What is the Market’s View on Crispr Therapeutics AG (CRSP) Stock’s Price and Volume Trends – InvestorsObserver

Crispr Therapeutics AG (CRSP) stock has gained 35.58% over the past week and gets a Bullish rating from InvestorsObserver's Sentiment Indicator.

In investing, sentiment generally means whether or not a given security is in favor with investors. It is typically a pretty short-term metric that relies entirely on technical analysis. That means it doesnt incorporate anything to do with the health or profitability of the underlying company.

Recent trends are a good indicator of current market sentiments. In its most basic form, stocks that are trending up are desirable by investors while stocks currently falling must be unattractive.

InvestorsObserver's Sentimental Indicator tracks both changes in price and volume to analyze the most recent trends. Typically an increase in volume indicates ongoing trends are getting stronger, while a decrease in volume usually signals an end to the current trend.

Available options can also represent current sentiments for a given stock. Since investors are able to bet on future trends of stocks using options, we consider the ratio of calls to puts when analyzing market sentiments .

Crispr Therapeutics AG (CRSP) stock is trading at $207.58 as of 10:53 AM on Friday, Jan 8, an increase of $13.15, or 6.76% from the previous closing price of $194.43. The stock has traded between $196.11 and $210.39 so far today. Volume today is below average. So far 1,482,585 shares have traded compared to average volume of 2,079,604 shares.

To see InvestorsObserver's Sentiment Score for Crispr Therapeutics AG click here.

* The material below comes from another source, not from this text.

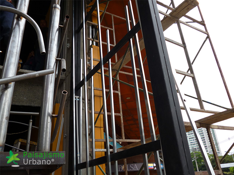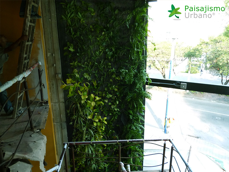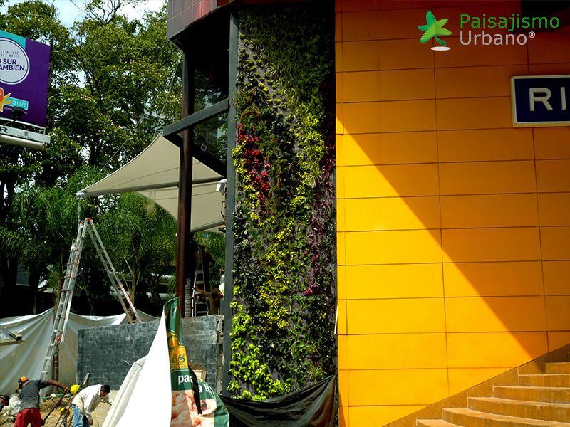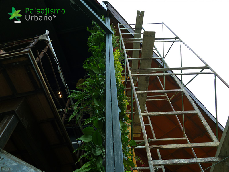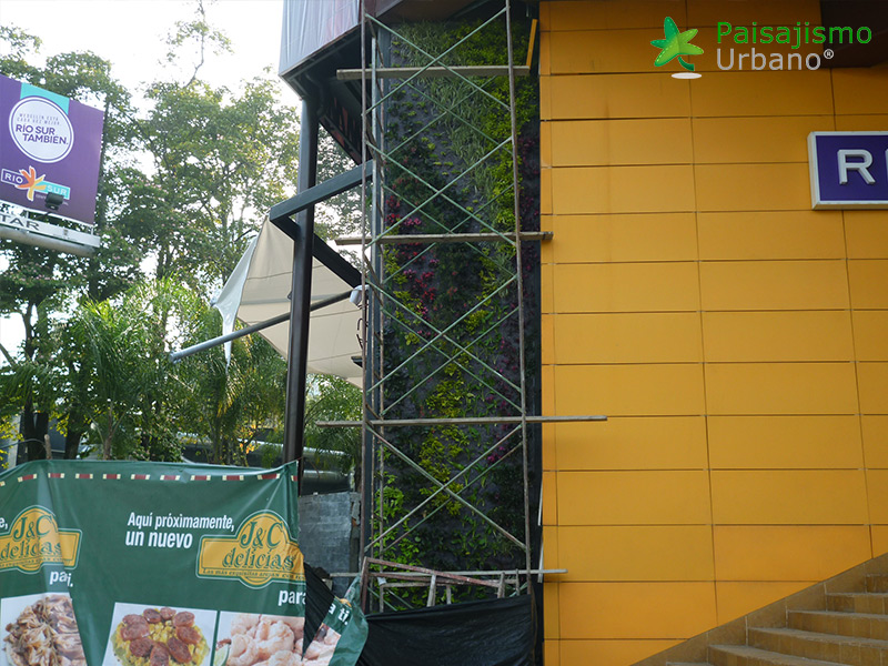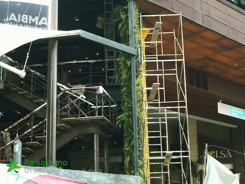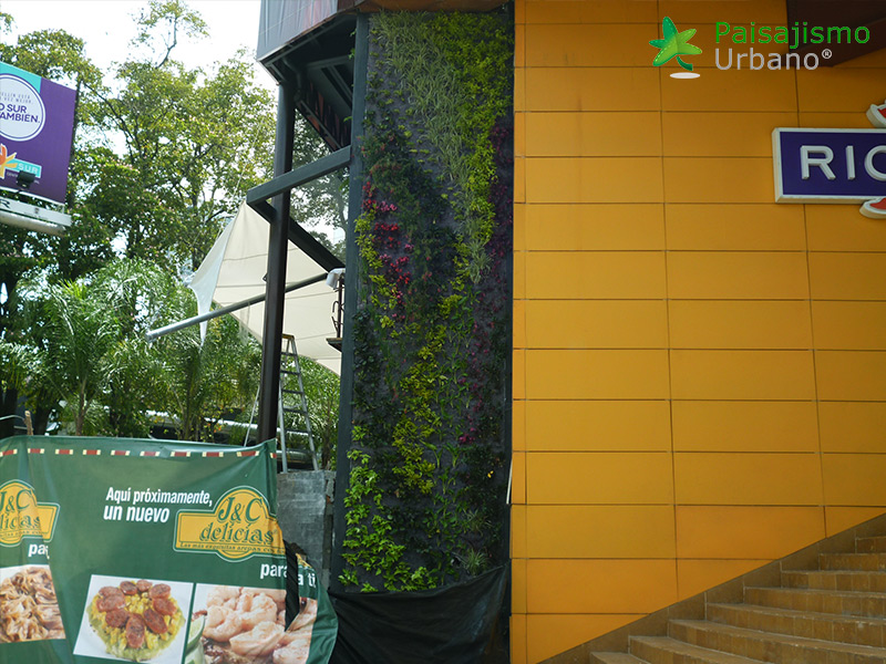 Este pequeño jardín vertical de 26 metros cuadrados, para el restaurante J&C Delicias, se encuentra en la zona oriental de la ciudad de Medellín, con orientación este.
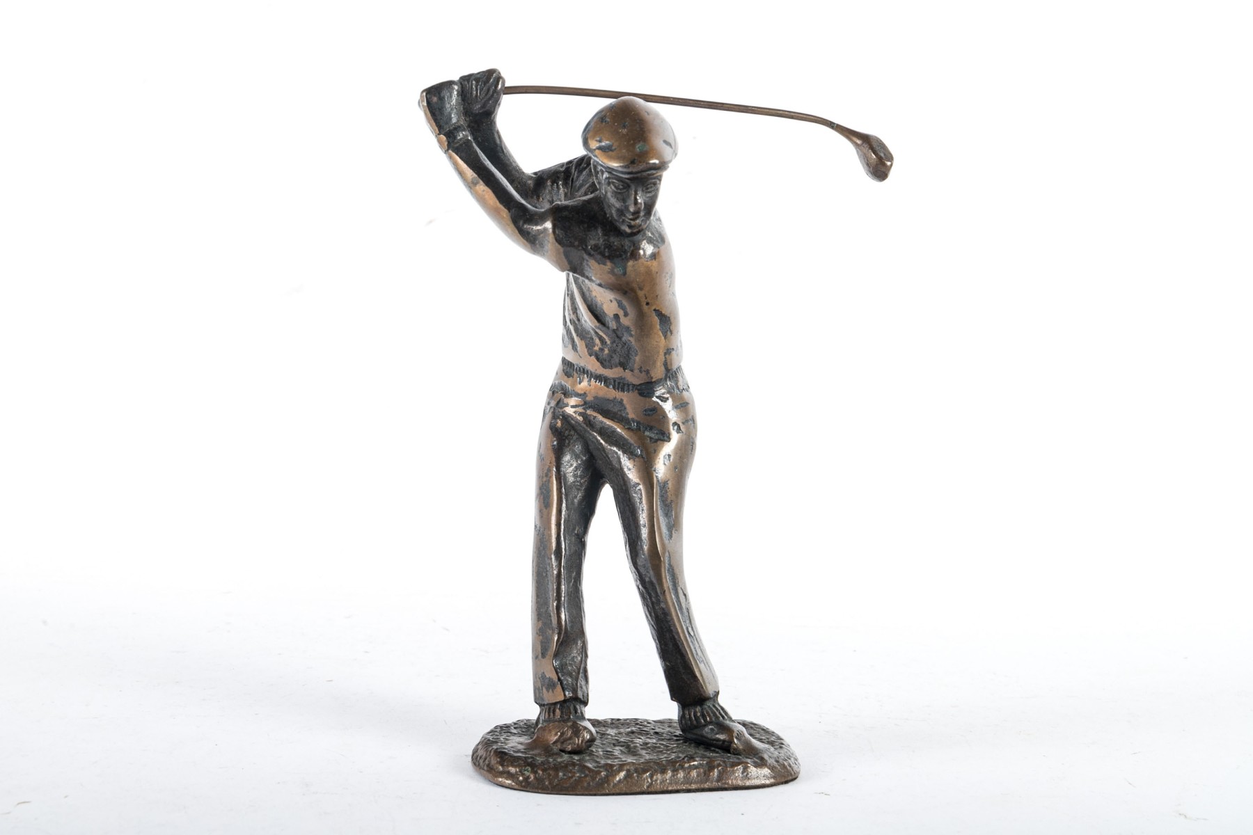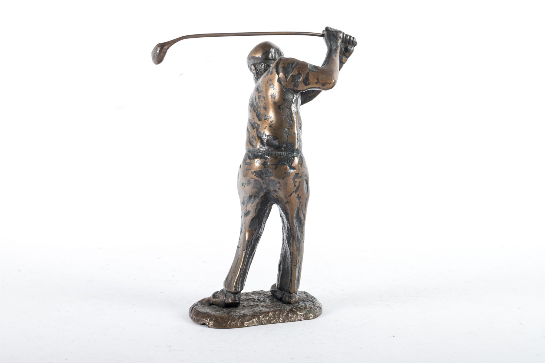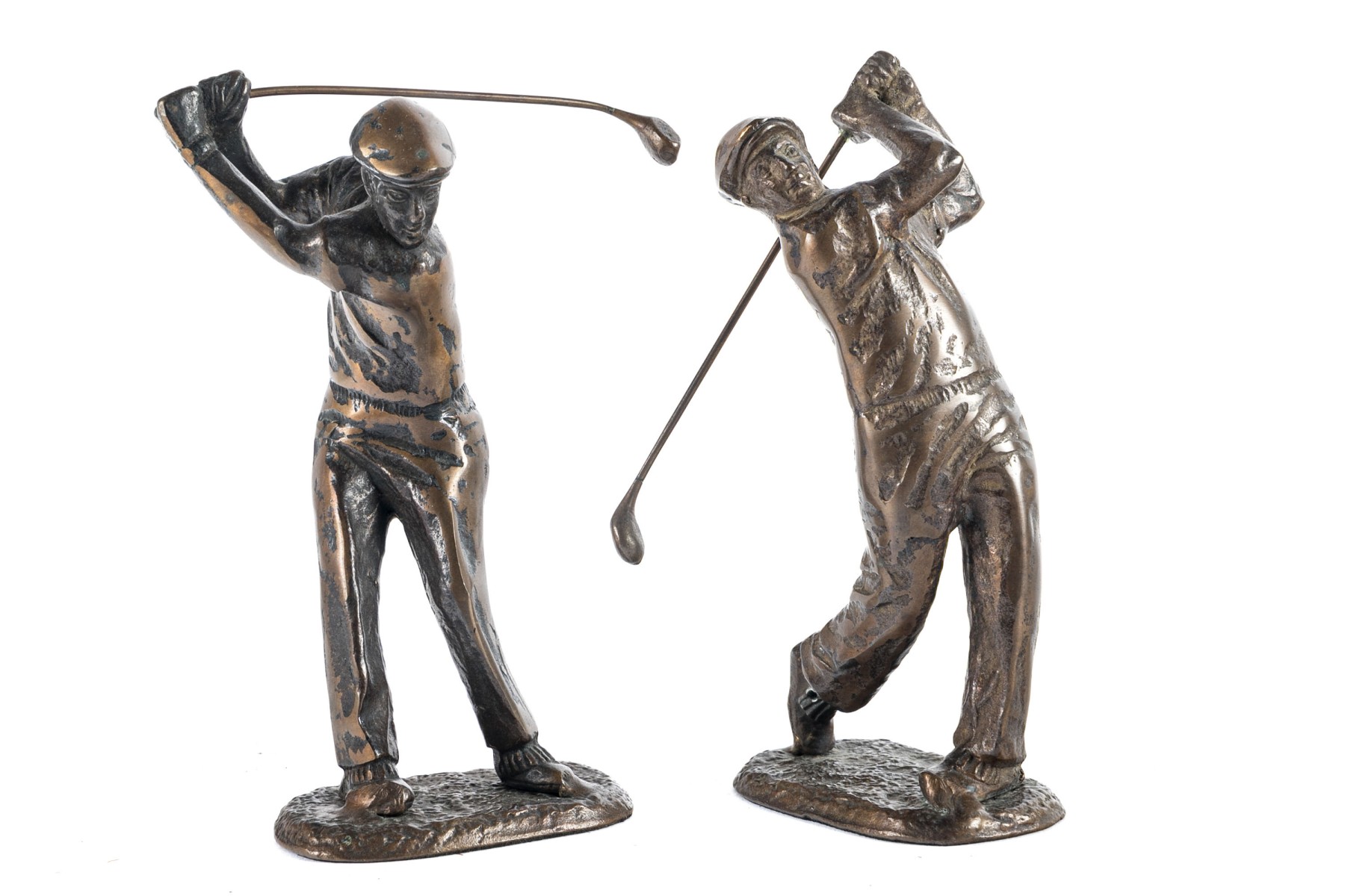 Decorative Crafts Inc. duo of bronze golfers swinging their clubs. Nicely detailed and textured throughout. One figure has the manufacturer's label on the underside of the base.

CRISPR Therapeutics AG is a gene-editing company. It is engaged in the development of CRISPR/Cas9-based therapeutics. CRISPR/Cas9 is a technology that allows for precise, directed changes to genomic DNA. The company advanced programs target beta-thalassemia and sickle cell disease, two hemoglobinopathies that have a high unmet medical need.

Click Here to get the full Stock Score Report on Crispr Therapeutics AG (CRSP) Stock.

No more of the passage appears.